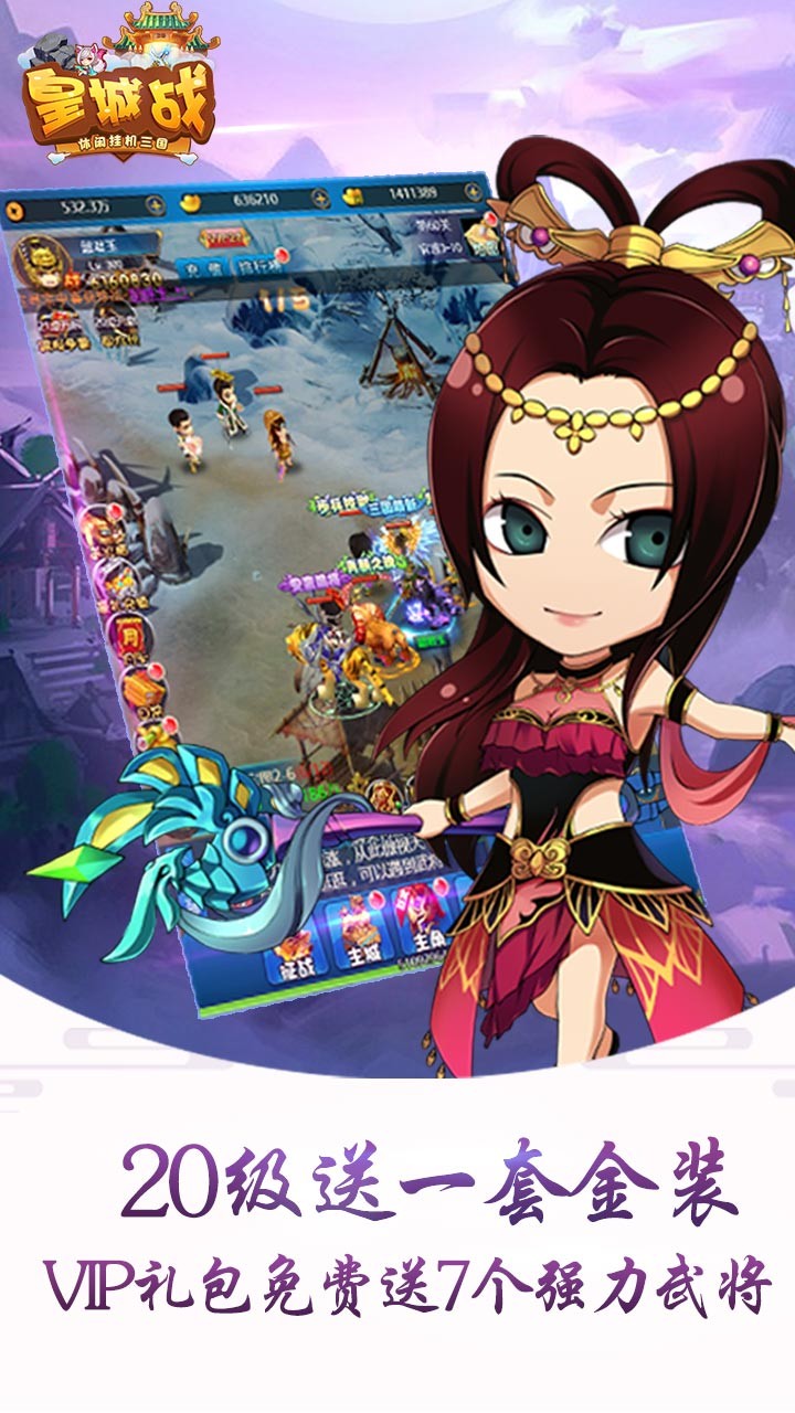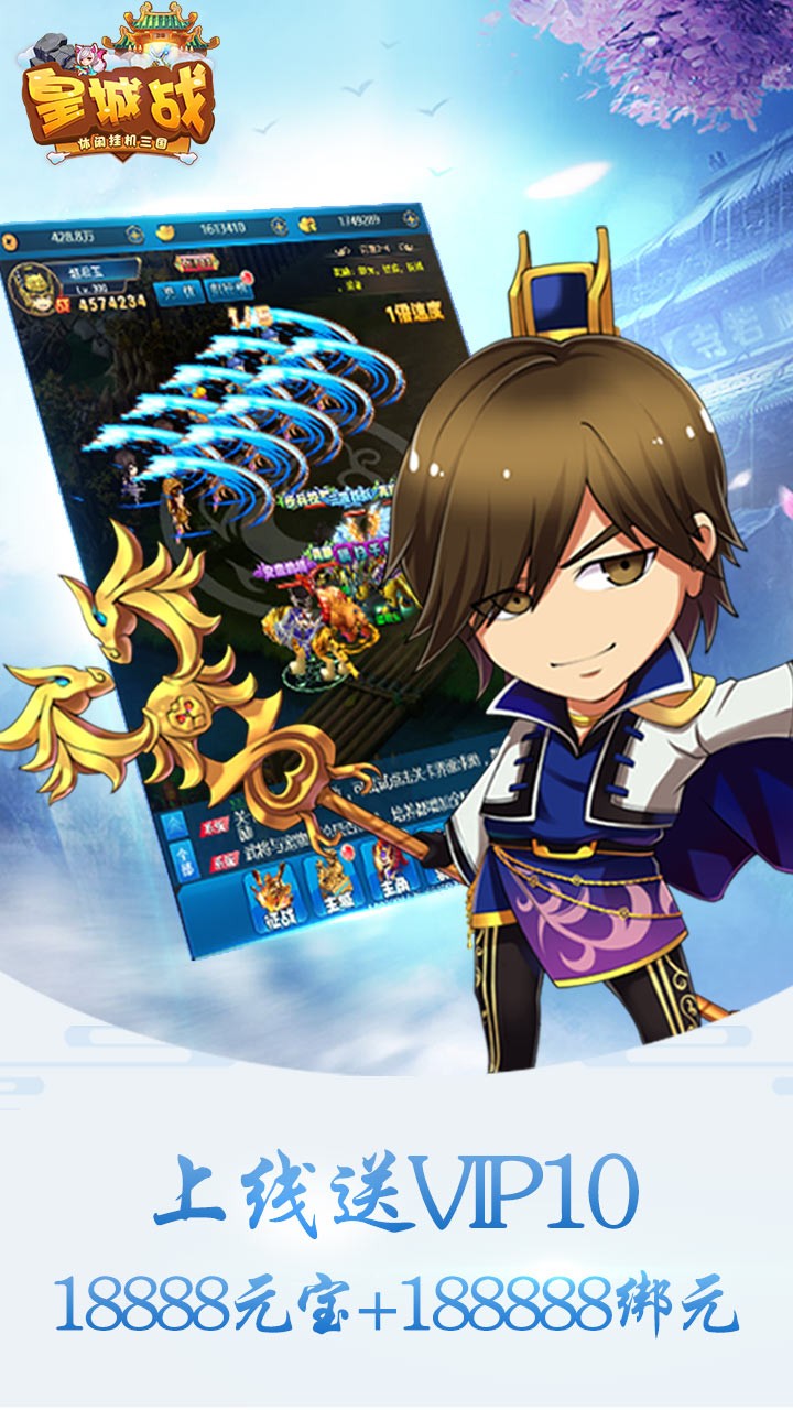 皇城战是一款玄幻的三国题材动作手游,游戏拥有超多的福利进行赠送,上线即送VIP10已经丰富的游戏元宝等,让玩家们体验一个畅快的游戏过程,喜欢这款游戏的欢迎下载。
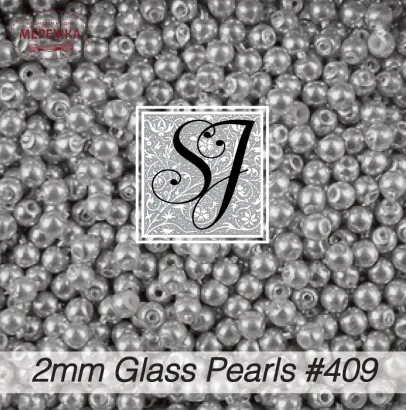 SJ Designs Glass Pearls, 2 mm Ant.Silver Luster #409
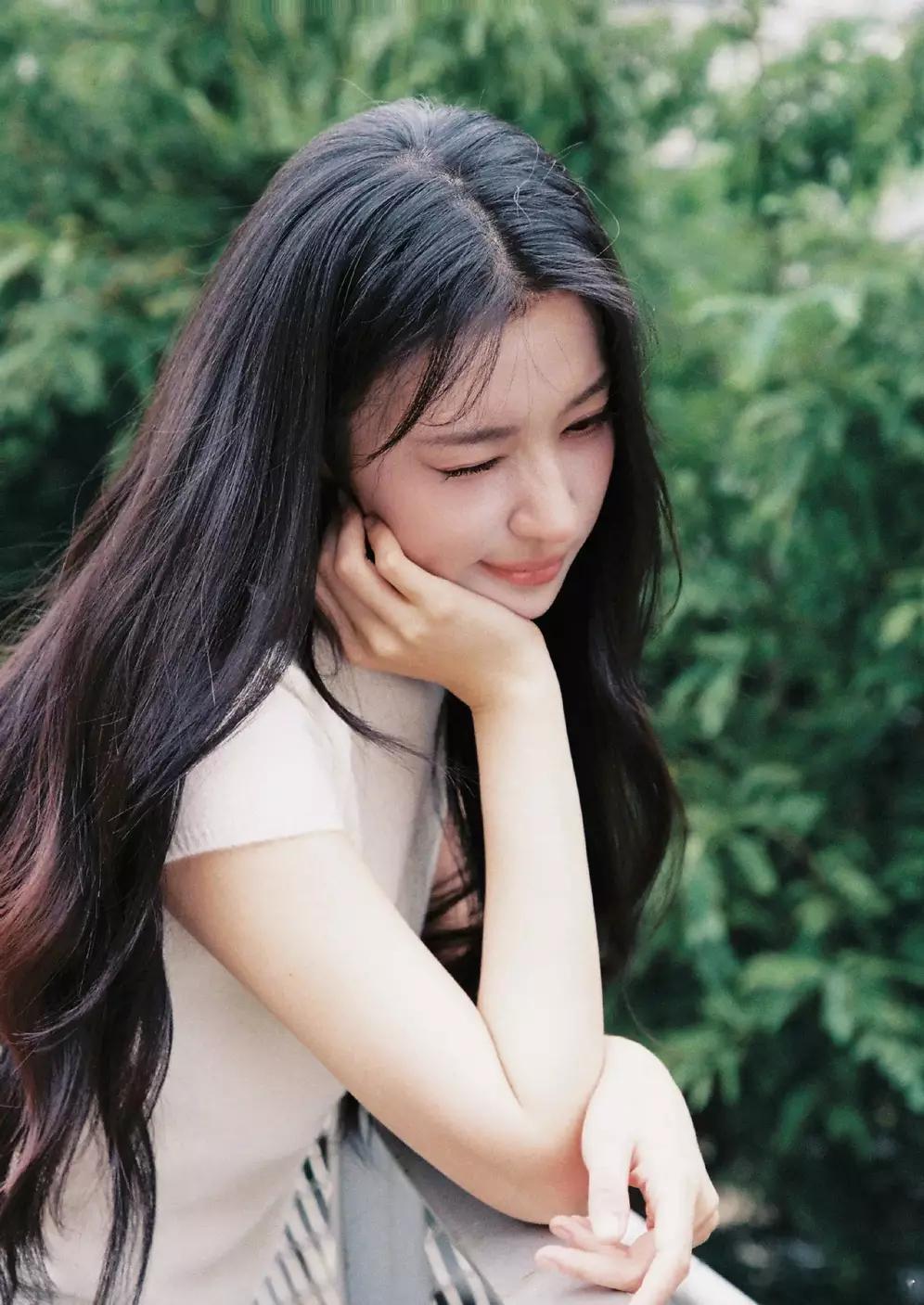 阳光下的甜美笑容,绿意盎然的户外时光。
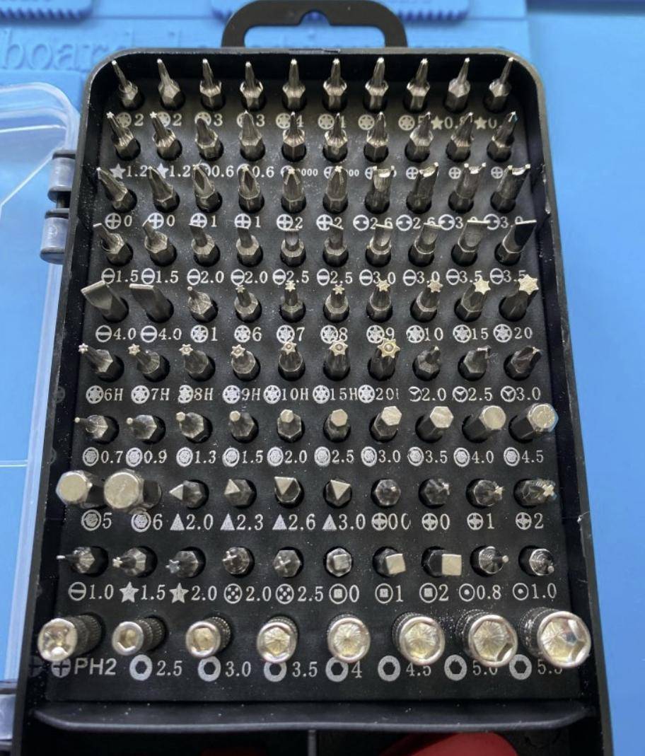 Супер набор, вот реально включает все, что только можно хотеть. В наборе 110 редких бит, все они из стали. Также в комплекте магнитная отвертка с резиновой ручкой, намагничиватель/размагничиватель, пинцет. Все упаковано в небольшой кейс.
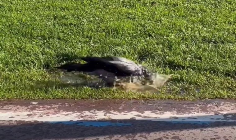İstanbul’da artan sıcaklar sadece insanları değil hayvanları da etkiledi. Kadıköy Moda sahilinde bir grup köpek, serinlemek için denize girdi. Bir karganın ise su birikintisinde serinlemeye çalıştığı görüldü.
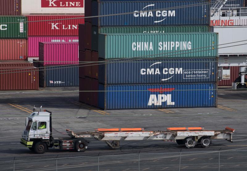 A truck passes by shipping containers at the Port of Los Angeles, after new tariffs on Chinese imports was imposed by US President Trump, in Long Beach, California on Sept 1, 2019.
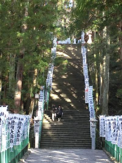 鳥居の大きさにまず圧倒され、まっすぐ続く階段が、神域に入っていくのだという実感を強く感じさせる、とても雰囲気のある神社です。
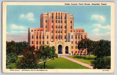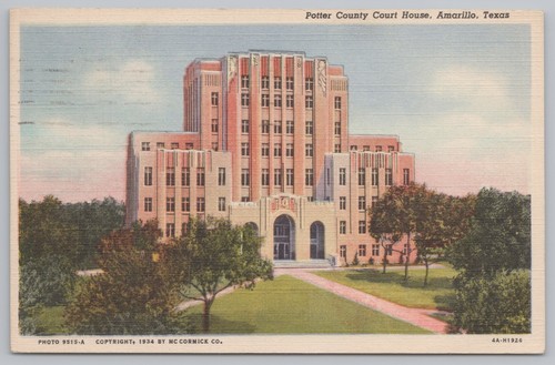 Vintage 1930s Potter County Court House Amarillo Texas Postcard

▶ ASSIGNMENT
Without the pictures, transcribe the listing exactly as it stands.

▶ RESPONSE TO THIS EXERCISE
 皇城战是一款玄幻的三国题材动作手游,游戏拥有超多的福利进行赠送,上线即送VIP10已经丰富的游戏元宝等,让玩家们体验一个畅快的游戏过程,喜欢这款游戏的欢迎下载。
 SJ Designs Glass Pearls, 2 mm Ant.Silver Luster #409
 阳光下的甜美笑容,绿意盎然的户外时光。
 Супер набор, вот реально включает все, что только можно хотеть. В наборе 110 редких бит, все они из стали. Также в комплекте магнитная отвертка с резиновой ручкой, намагничиватель/размагничиватель, пинцет. Все упаковано в небольшой кейс.
İstanbul’da artan sıcaklar sadece insanları değil hayvanları da etkiledi. Kadıköy Moda sahilinde bir grup köpek, serinlemek için denize girdi. Bir karganın ise su birikintisinde serinlemeye çalıştığı görüldü.
 A truck passes by shipping containers at the Port of Los Angeles, after new tariffs on Chinese imports was imposed by US President Trump, in Long Beach, California on Sept 1, 2019.
 鳥居の大きさにまず圧倒され、まっすぐ続く階段が、神域に入っていくのだという実感を強く感じさせる、とても雰囲気のある神社です。
 Vintage 1930s Potter County Court House Amarillo Texas Postcard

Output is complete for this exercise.